GIVEN RECORDS START
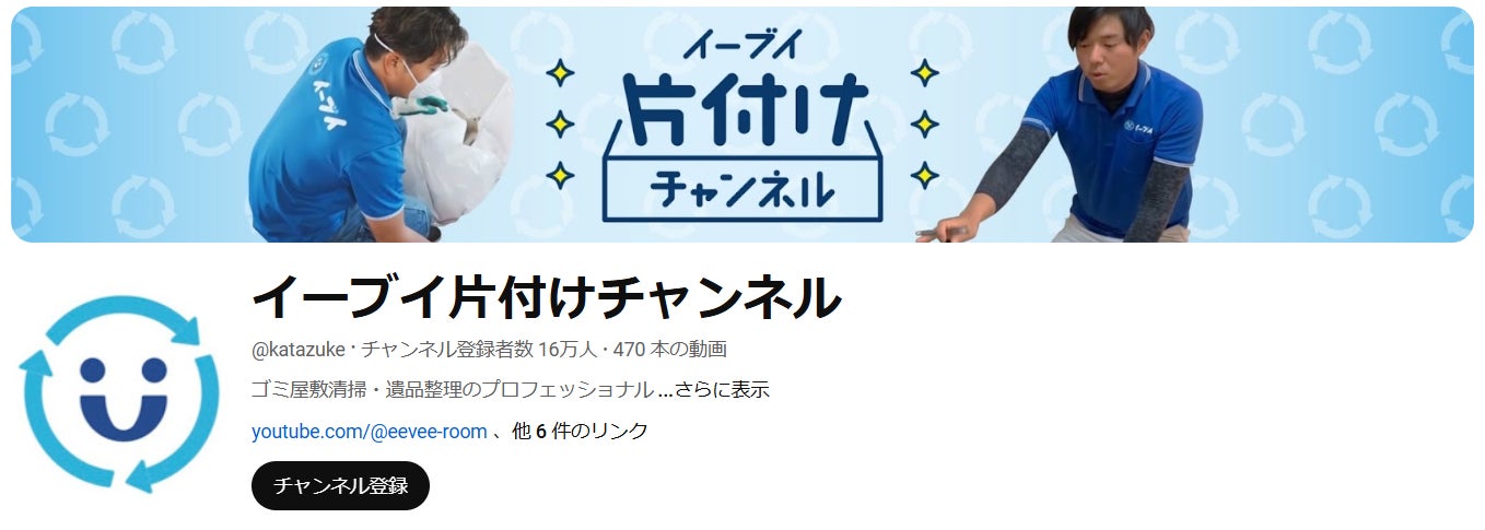 イーブイ片付けチャンネルは、登録者数16万人、総再生数7,500万回を突破しているYouTubeチャンネルです。大阪市の清掃業者「イーブイ」が運営しており、ゴミ屋敷や遺品整理など、いまや社会問題となっている片付けについて日々の現場からリアルを発信しています。
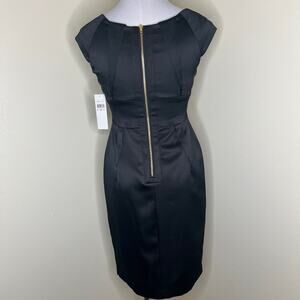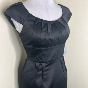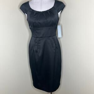 London Times Sheath Dress 6 Black Cap Sleeve Knee Length Work Event Pleated Chic
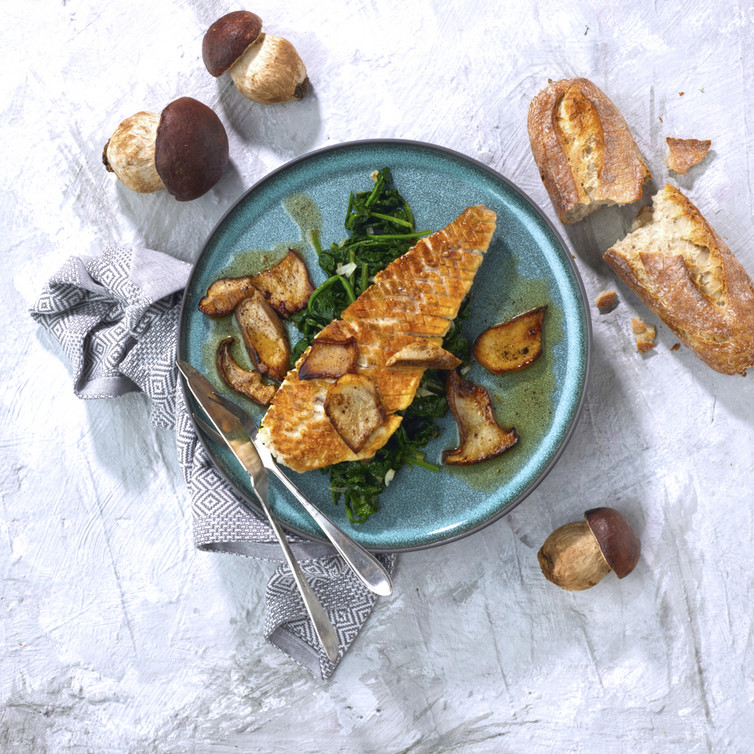Zander mit Blattspinat und Steinpilzbutter
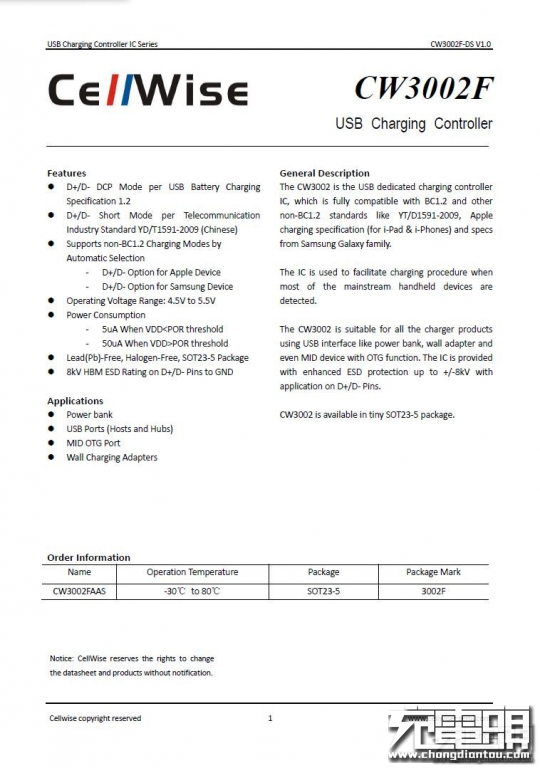 采用赛微CW3002F智能是被芯片的产品还有内置天猫精灵智能语音助手的ROAVF2车充、JDB20000mAh双向快充移动电源、ANKER24W双USB电源适配器、ANKERPowerPort+5USB-C充电器、魅族MU20桌面多口USB充电器等。
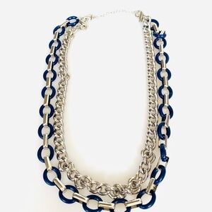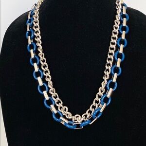 A double stranded statement necklace is in like new condition. It is a heavy chunky necklace with shine silver tone and dark blue links. This is a new without tags item. Please, see pictures for more details.
GIVEN RECORDS END
■ EXERCISE DETAILS ■
Which lines run from the one holding "采用赛微CW3002F智能是" through the end of the records? Reproduce them word for word, both ends included, with no pictures.

■ FINISHED TASK ■
 采用赛微CW3002F智能是被芯片的产品还有内置天猫精灵智能语音助手的ROAVF2车充、JDB20000mAh双向快充移动电源、ANKER24W双USB电源适配器、ANKERPowerPort+5USB-C充电器、魅族MU20桌面多口USB充电器等。
 A double stranded statement necklace is in like new condition. It is a heavy chunky necklace with shine silver tone and dark blue links. This is a new without tags item. Please, see pictures for more details.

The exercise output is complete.